Light materials such as aluminium alloys present attractive options as potential solutions to help reduce vehicle weight, provide for better fuel economy and improve overall sustainability credentials. The main challenge for using an aluminium alloy is the maximum operating temperature (MoT) limitation as well as surface properties deemed insufficient leading to excessive corrosion and wear. Keronite plasma electrolytic oxidation (PEO) is an environmentally safe coating process which offers aluminium alloys multifunctional characteristics such as high hardness, strong adhesion, low stiffness and a continuous barrier capable of offering protection against corrosion, wear and extreme heat likely to be experienced by brake discs.

Brake discs for the rear axle of a high performance sports car have been manufactured in three different materials; AA6xxx, AA2xxx and 7xxx series aluminium alloys, with and without vents.
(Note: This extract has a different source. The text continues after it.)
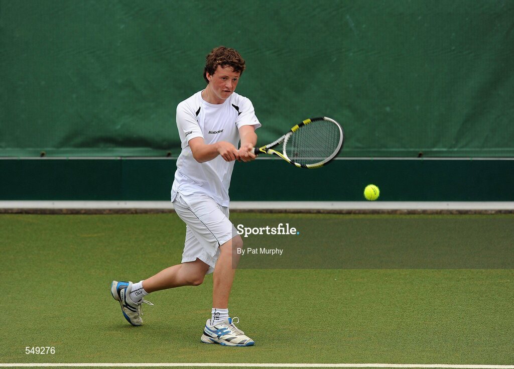 20 August 2011; Matthew McClurg, Dublin, in action against Niall Casey during the U14 Boys Singles Final of the William Fry Junior Lawn Tennis Championships. Matthew McClurg v Niall Casey. The Championships took place from Sunday, 14th August, to Saturday, 20th August, where over 380 aspiring tennis champions, from across the country, competed in 20 competitions, playing over 500 matches. Fitzwilliam Lawn Tennis Club, Appian Way, Dublin. Picture credit: Pat Murphy / SPORTSFILE

These were subsequently coated with a Keronite PEO ceramic layer. Full-scale dynamometer tests have been conducted against a standard Low Met brake pad using a modified AK Master test at increasing levels of IBT until a physical limit is reached. Microstructural characterisation of coating and brake pad wear and tribolayer have been studied extensively using SEM and EDX. In addition, post-dyno test discs have been exposed to salt fog testing, and their corrosion behaviour and relative interactions with the tribolayer have been further studied using electrochemical corrosion test methods. The overall relative performance and the degradation mechanisms have been discussed and the potential to use PEO coated light alloy discs have been proposed.